## TASK BRIEF
Nothing but the lines below from the one holding "While she surveyed" up to and including the one holding "Personal Notes |" should be copied, exactly and without pictures.

## RECORDS
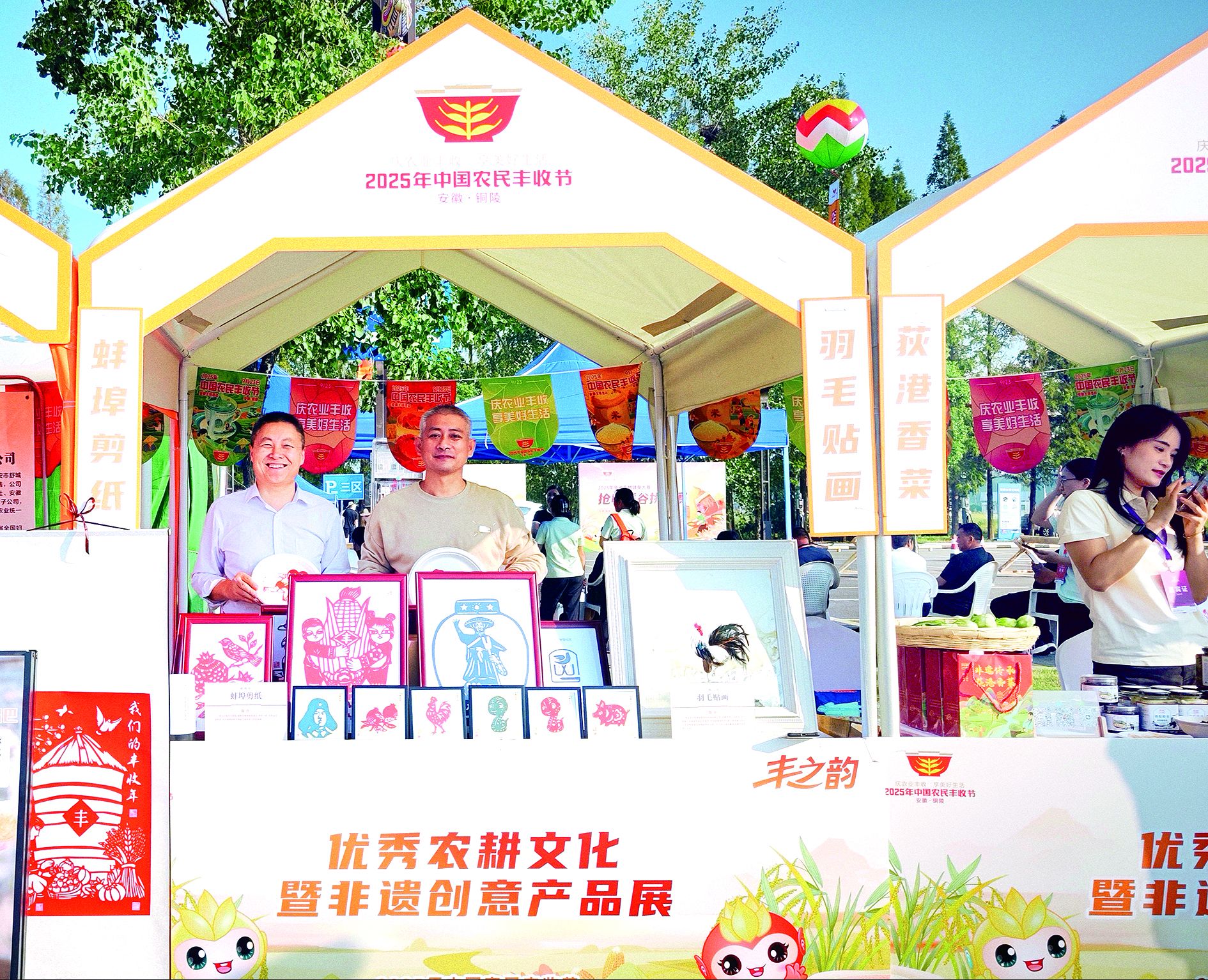 9月23日,在銅陵市舉辦的2025年中國農民豐收節安徽主場“優秀農耕文化·暨非遺創意產品展”上,蚌埠市非遺剪紙傳承人、鄉村工匠楊壽杰代表蚌埠市參加此次活動,將蚌埠文化元素融入豐收節主題,讓更多人感受蚌埠深厚的文化底蘊。楊常帥 攝
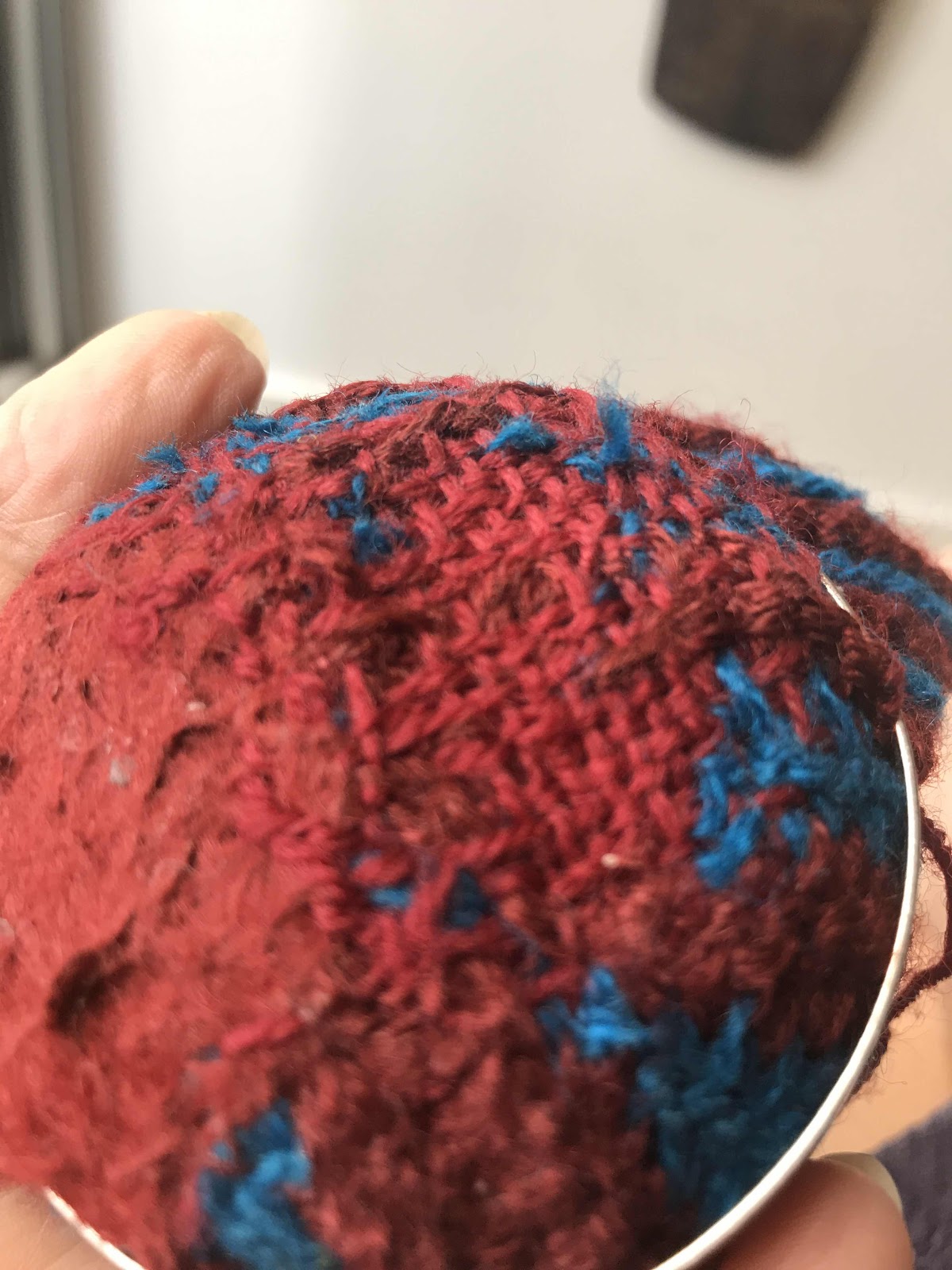 While she surveyed the scene, I got out my darning mushroom and some 2 ply wool, and mended the Uzbekistan slipper socks.
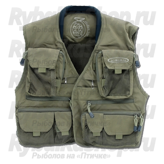 Забродный рыболовный жилет Vision Caribou Vest, с сетчатой подкладкой и вязанным воротничком, имеет множество карманов, удачно расположенных и снабженных высококачественными сверхпрочными молниями или застежками-липучками. Нейлоновое покрытие придает прочность и водоотталкивающие свойства. Плечевая часть, содержащая дополнительный слой из пористого эластичного материала, оптимально распределяет вес. В этой модели используется новый дизайн для хранения катушек/шпуль в безопасном месте. Вы не потеряете также свои инструменты, защищенные в походном положении специальным клапаном. На спине имеется D-образное кольцо для подсачека.
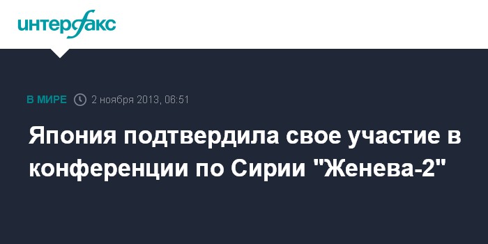 Токио. 2 ноября. ИНТЕРФАКС - Япония намерена участвовать в новой международной конференции по Сирии "Женева-2".
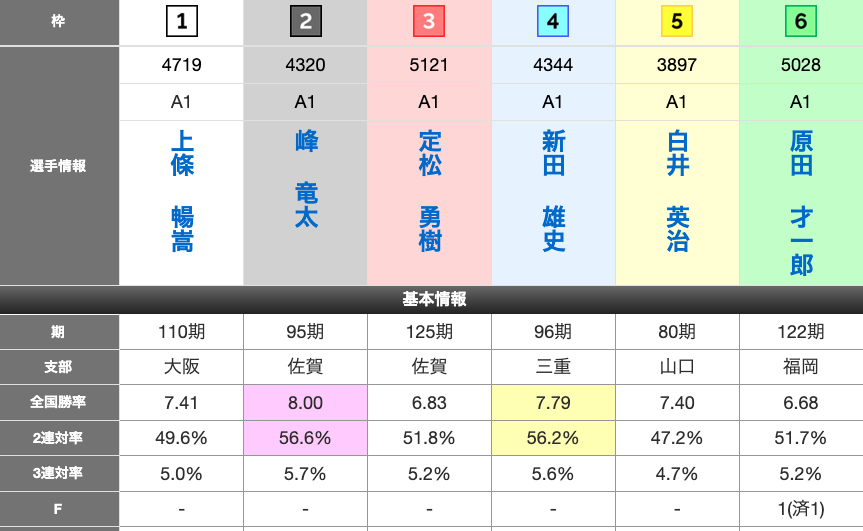 そして、③定松と④新田の比較となれば、それはやはり準優で勝った定松を優勢と考えたい。
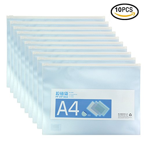 Zippered Envelope,izBuy Ziplock Waterproof PP Bags Perfect Seamless Slider Closure Storage Organizer for A4 Paper,Magazines,Memo,Business Receipts,Frost-treated,13x9.8 Inches,Pastel Color (Blue-10)
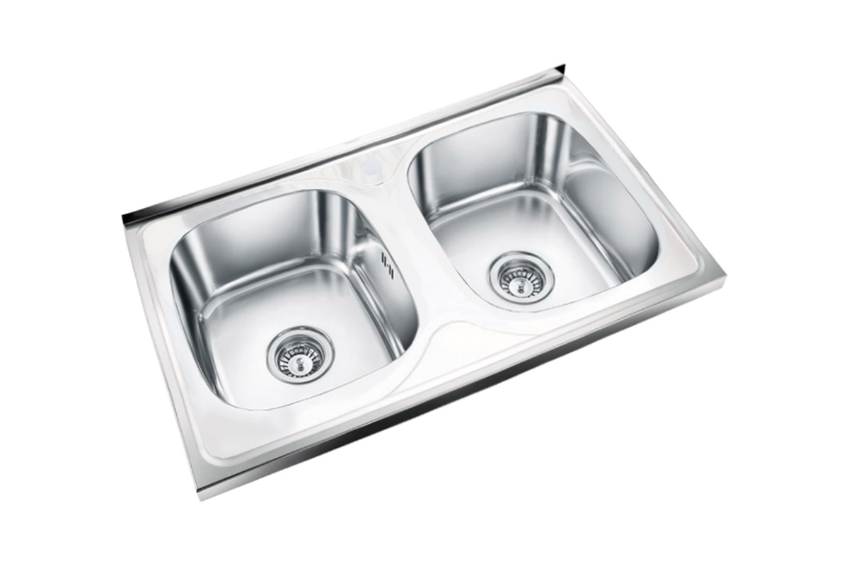 Классическая накладная мойка c двумя чашами из нержавеющей стали AISI 201 с глянцевой поверхностью. Данная модель при монтаже накладывается на отдельностоящую тумбу. На дне установлена резиновая шумопоглощающая накладка.
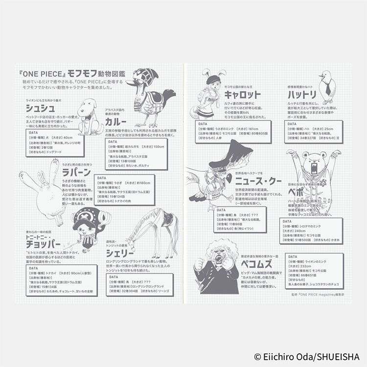 | Bonus Pages | One Piece Chronology / One Piece Trivia You’ll Want to Share Tomorrow / The Fluffy Animal Encyclopedia of One Piece / WANTED / Time Table / Favorites / My 100 / Solar Terms / Emergency Preparedness / Gifts / Age Table / Addresses / Personal Notes |
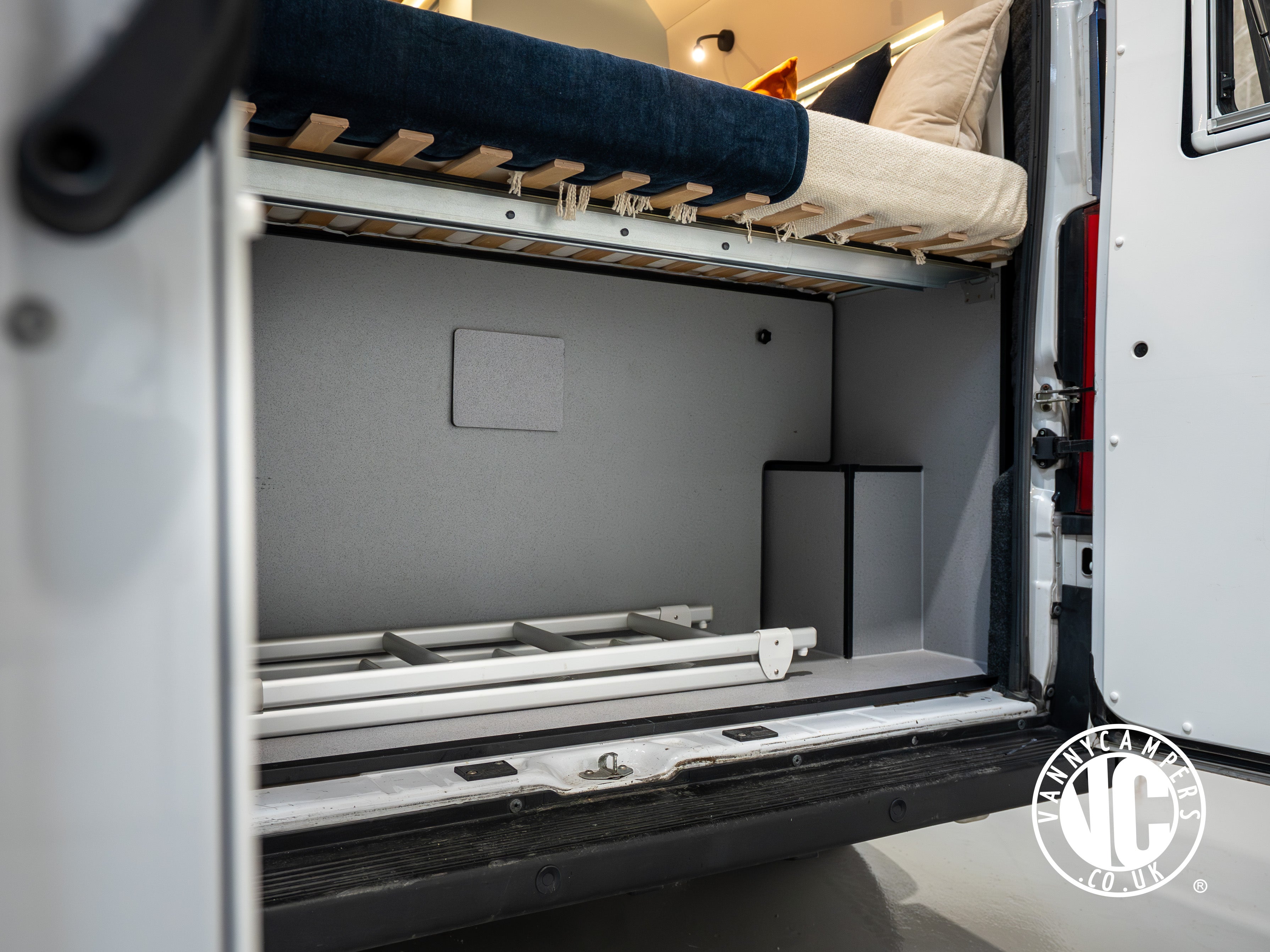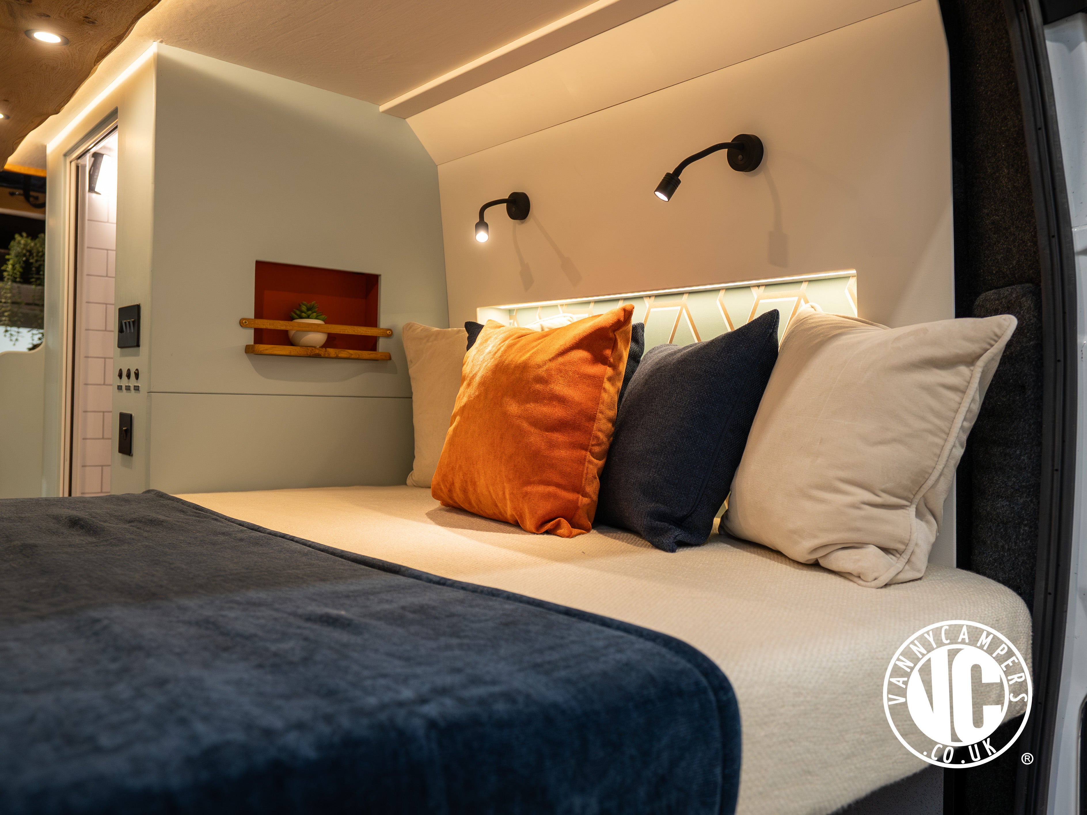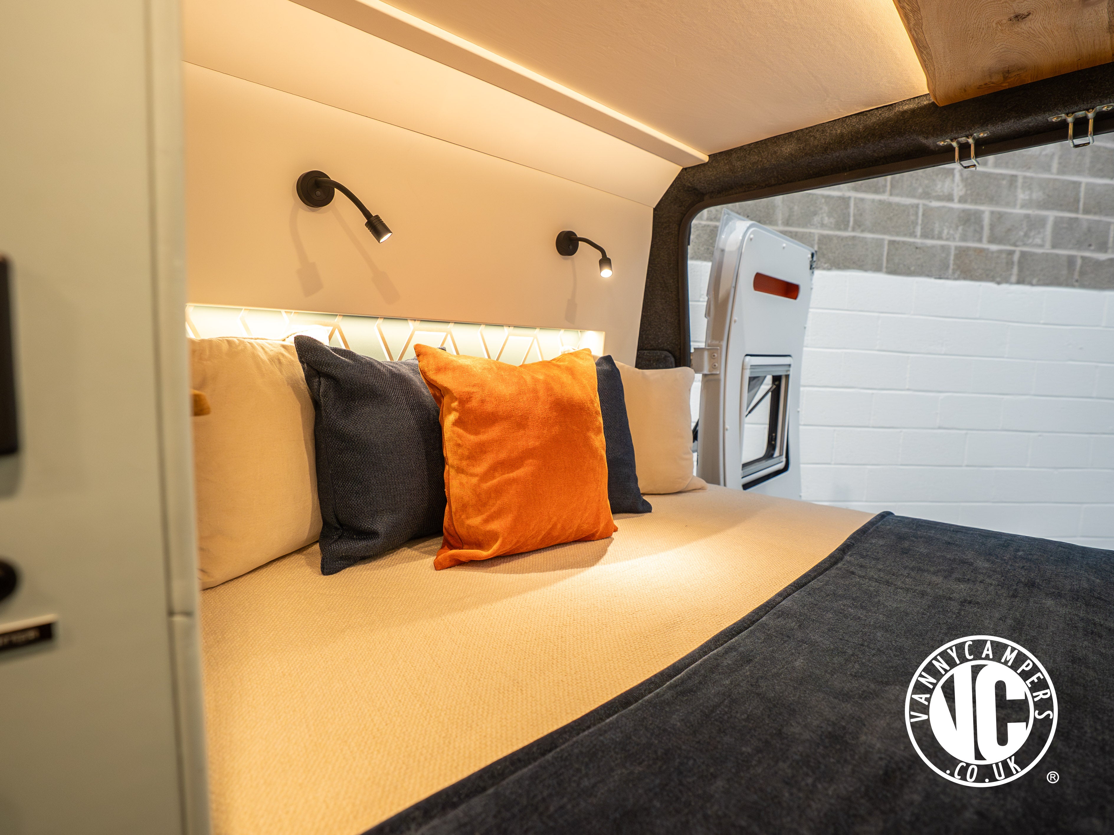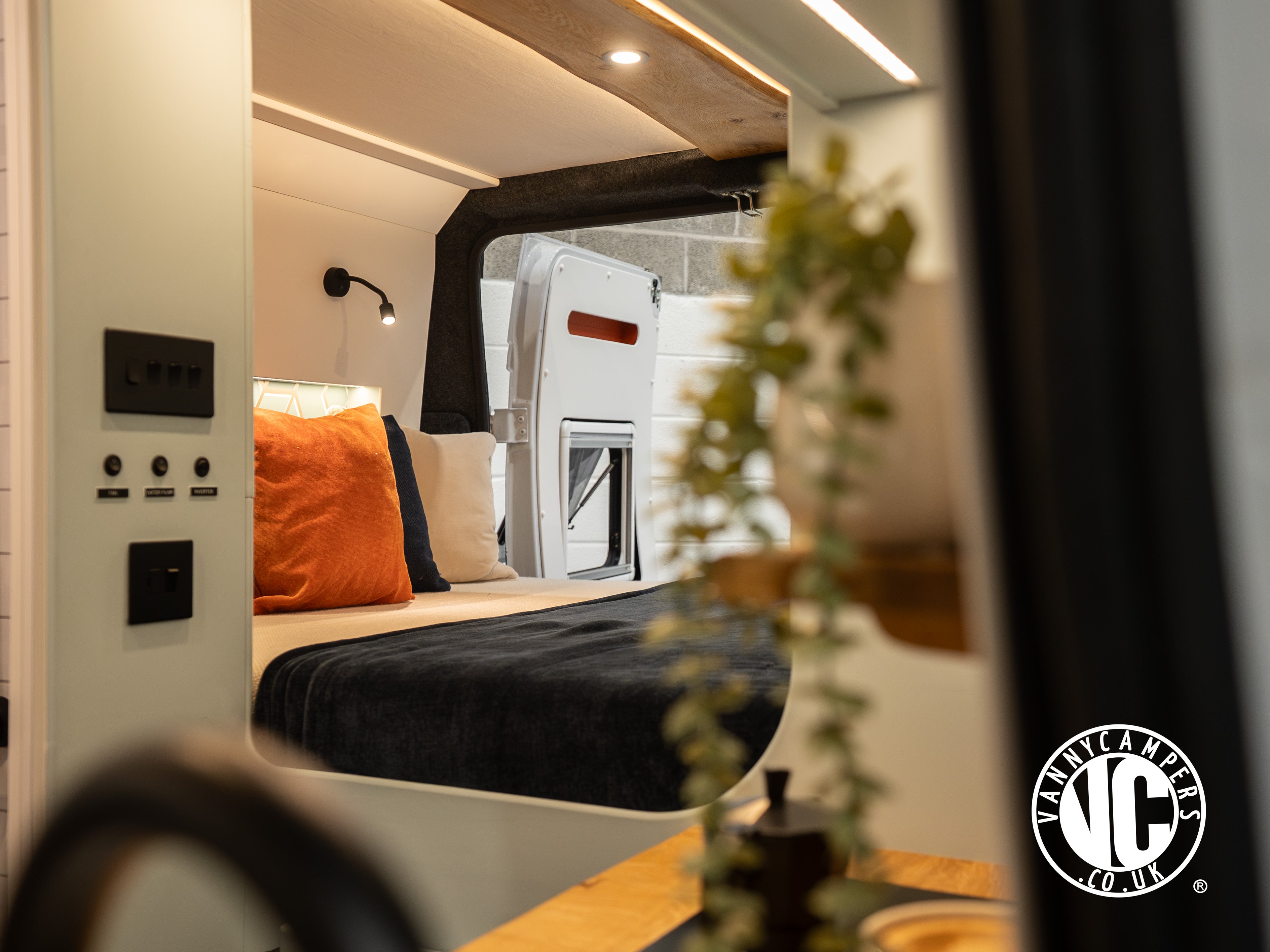 Livia comfortably sleeps four people across two thoughtfully designed beds. The main bed, larger than a standard double at 195 cm wide, stretches across the rear flares to give two adults plenty of space to relax. A custom-shaped, 10 cm thick firm reflex foam mattress covers the entire surface, ensuring comfort throughout the night, while feature reading lights add a touch of convenience. The second bed is in the pop-top, easily accessed via a ladder from the front of the van, making it perfect for extra family members or guests.

## RESULT OF THE TASK
 While she surveyed the scene, I got out my darning mushroom and some 2 ply wool, and mended the Uzbekistan slipper socks.
 Забродный рыболовный жилет Vision Caribou Vest, с сетчатой подкладкой и вязанным воротничком, имеет множество карманов, удачно расположенных и снабженных высококачественными сверхпрочными молниями или застежками-липучками. Нейлоновое покрытие придает прочность и водоотталкивающие свойства. Плечевая часть, содержащая дополнительный слой из пористого эластичного материала, оптимально распределяет вес. В этой модели используется новый дизайн для хранения катушек/шпуль в безопасном месте. Вы не потеряете также свои инструменты, защищенные в походном положении специальным клапаном. На спине имеется D-образное кольцо для подсачека.
 Токио. 2 ноября. ИНТЕРФАКС - Япония намерена участвовать в новой международной конференции по Сирии "Женева-2".
 そして、③定松と④新田の比較となれば、それはやはり準優で勝った定松を優勢と考えたい。
 Zippered Envelope,izBuy Ziplock Waterproof PP Bags Perfect Seamless Slider Closure Storage Organizer for A4 Paper,Magazines,Memo,Business Receipts,Frost-treated,13x9.8 Inches,Pastel Color (Blue-10)
 Классическая накладная мойка c двумя чашами из нержавеющей стали AISI 201 с глянцевой поверхностью. Данная модель при монтаже накладывается на отдельностоящую тумбу. На дне установлена резиновая шумопоглощающая накладка.
 | Bonus Pages | One Piece Chronology / One Piece Trivia You’ll Want to Share Tomorrow / The Fluffy Animal Encyclopedia of One Piece / WANTED / Time Table / Favorites / My 100 / Solar Terms / Emergency Preparedness / Gifts / Age Table / Addresses / Personal Notes |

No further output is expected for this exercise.